Sr. Design Project – Medtronic
LISPAT (Lost in Space and Time) is built to convert documents from their common pdf/docx format to txt, allowing for the use of Natural Language Processing on the provided data, with the goal of finding semantic similarities between two documents. Using methods such as text cleaning, top keyword counts, top ngram counts, and leveraging python libraries to get the most out of the data. It extracts the most valuable information from each document all in order to capture the original information, in a manner that preserves and increases its value, accessibility and usefulness.

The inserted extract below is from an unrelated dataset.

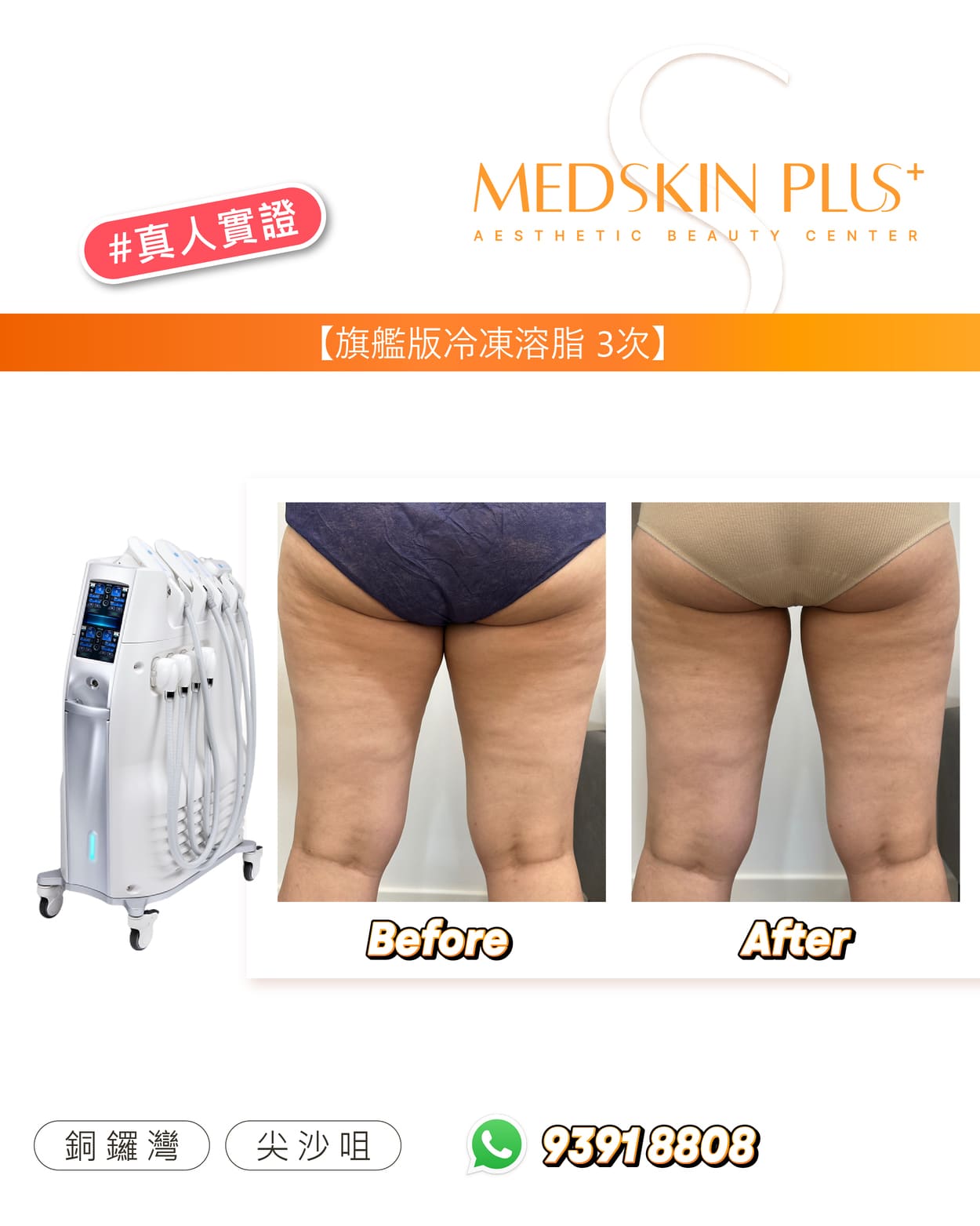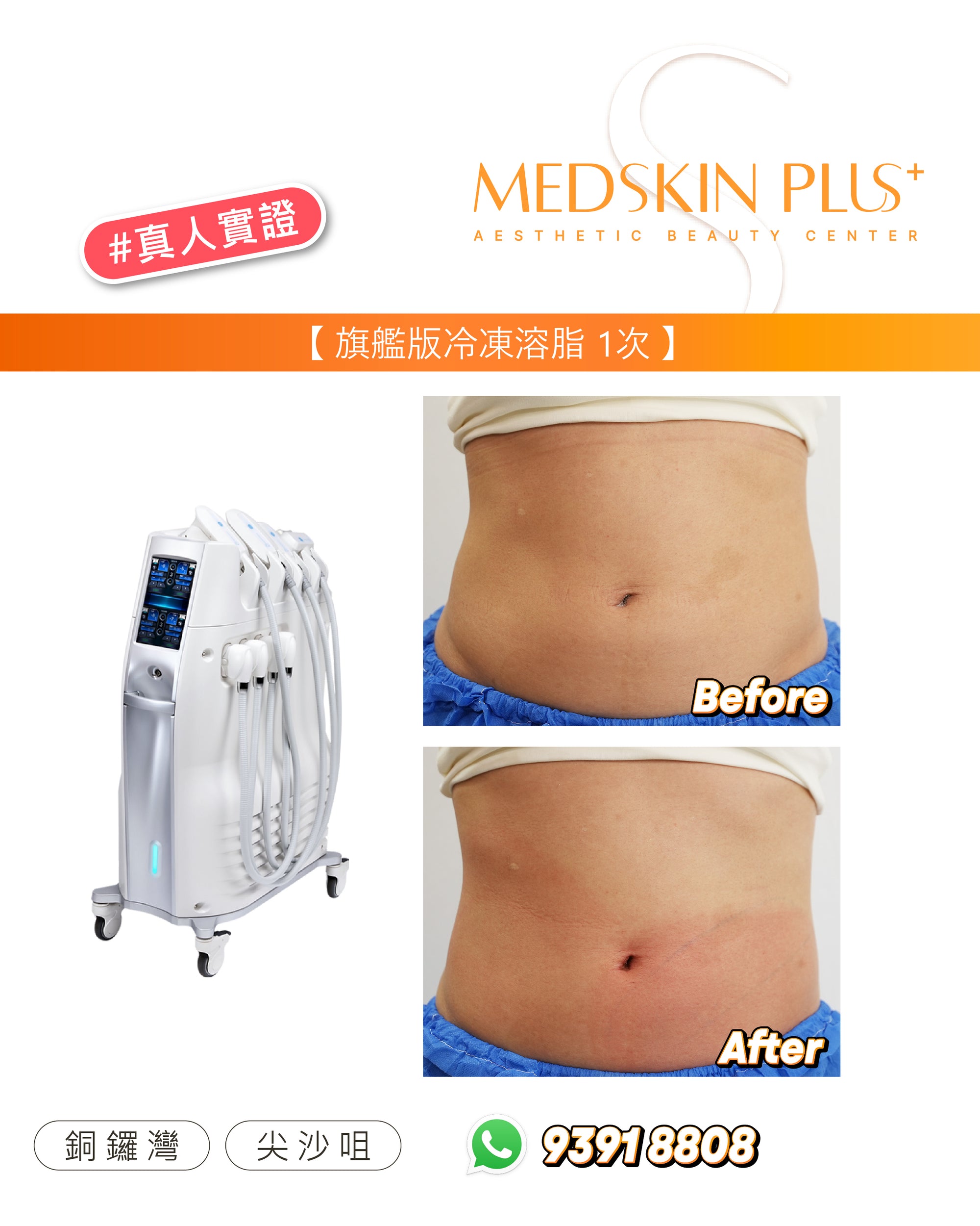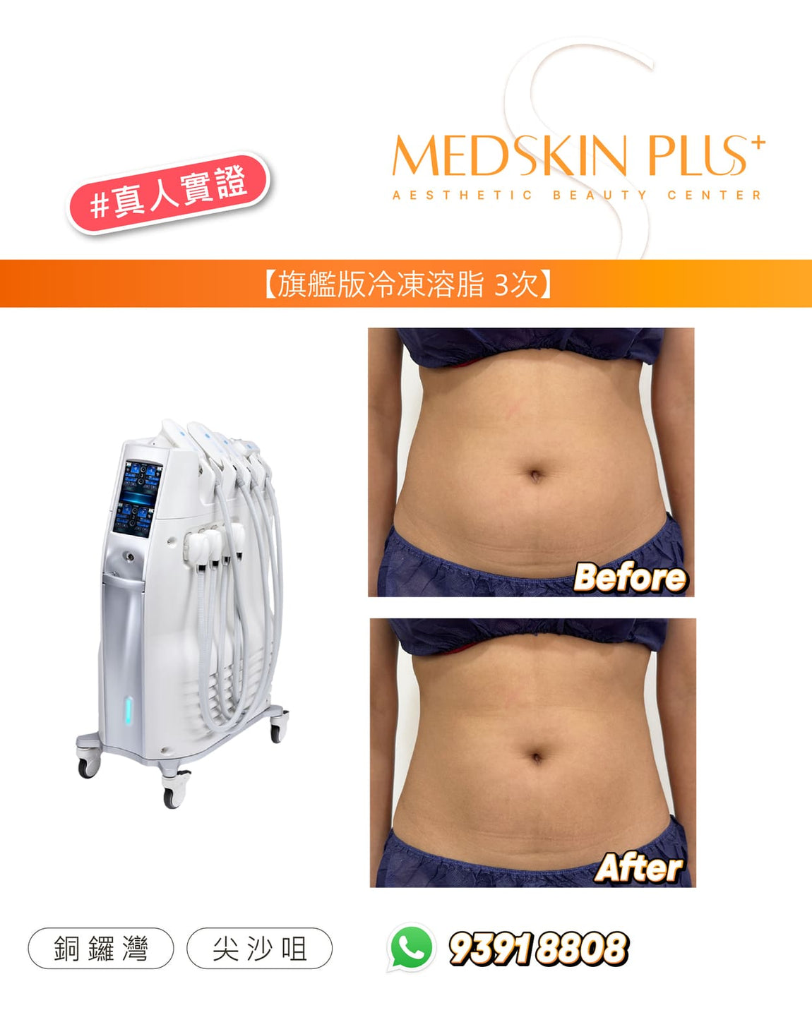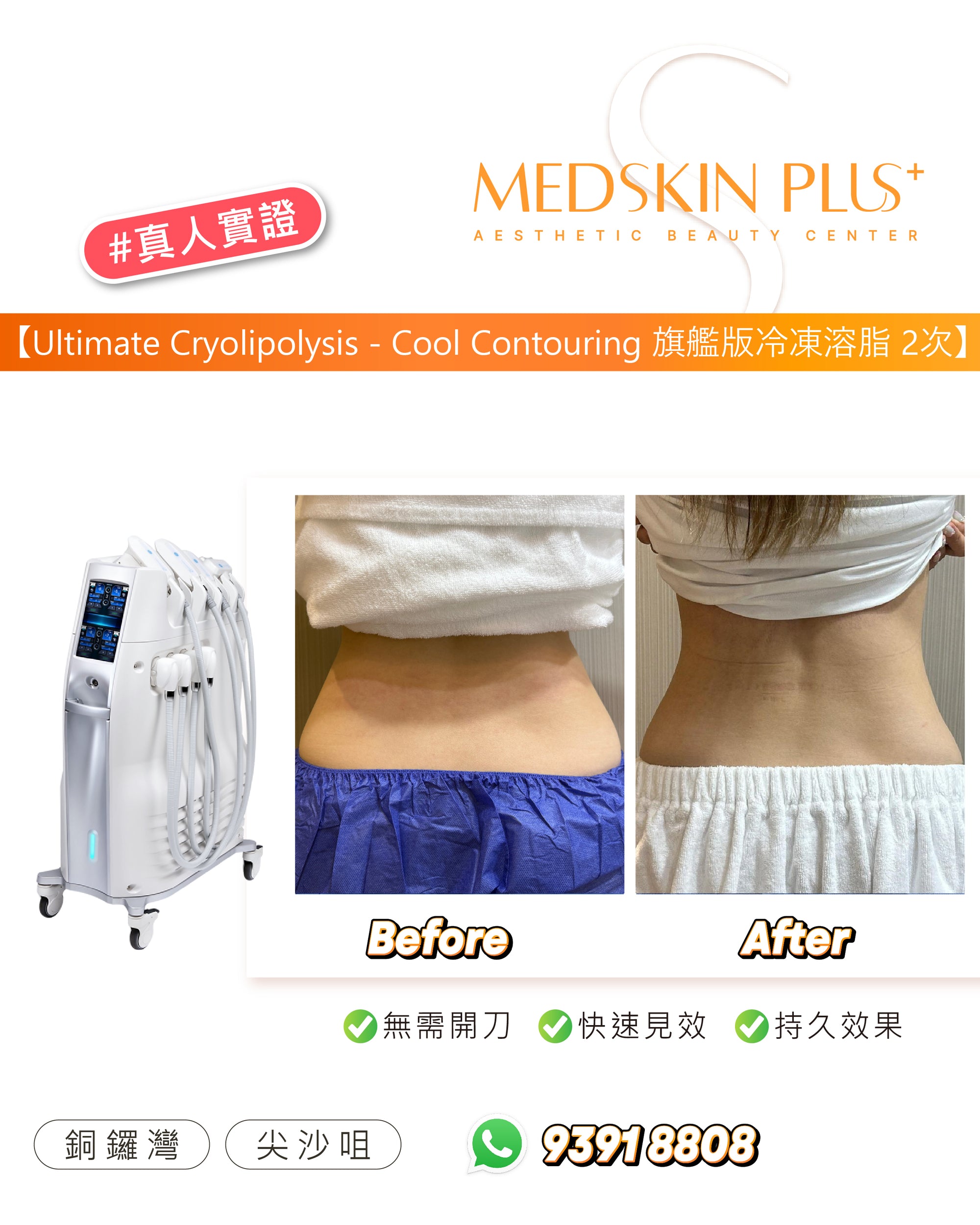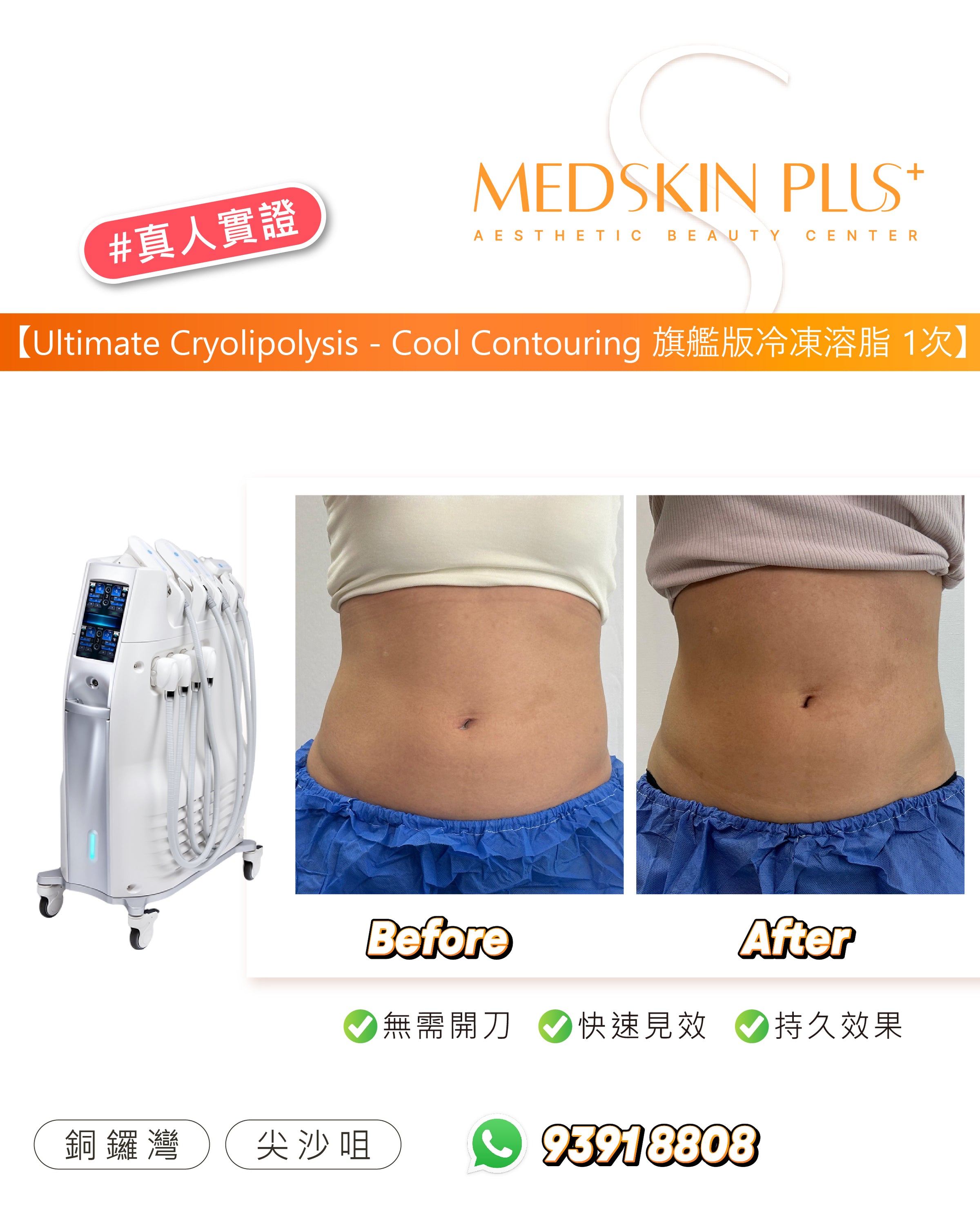 Ultimate Cryolipolysis - Cool Contouring 冷凍溶脂是美國 FDA 認可的非侵入式減脂美容儀器。透過精準控制溫度,選擇性凍死皮下脂肪細胞,並由身體自然代謝排除。效果約在 2–3 個月逐步顯現,平均可減少該部位脂肪約 20–25%。歡迎參考以下案例圖片,了解一次及三次療程後的前後差異:

IMPORTANT: Please scroll down for some important notes.
Home - LISPAT's Home Page
API Reference - Detailed reference for LISPAT's API
Usage Guides - How to use LISPAT and its features
- Converts 2 uploaded pdf/docx/doc documents for comparison/analysis
- Finds top keywords in both documents
- Highlights selected top keywords
- Search for a keyword in specific document
- Visualize the document's term frequency on a graph
- Visualize the way that 2 documents use a particular word
Follow the home page link above to access LISPAT.
Notes about LISPAT.
- To clear a search, click "enter", once you have removed your search words.
- Search words are case sensitive.
- Selected keywords will contain any word that has the same character occurrences of the keyword.
For example: the word
words
is contained withinkeywords
. So keywords will show up in the term search. If you want to contain the whole word, please enter it in the search bar. - The documents will contain headers and footers from the pdf or docx document, due to the processing when converting the documents the data from each document is not perfectly formatted and some attributes may be missing.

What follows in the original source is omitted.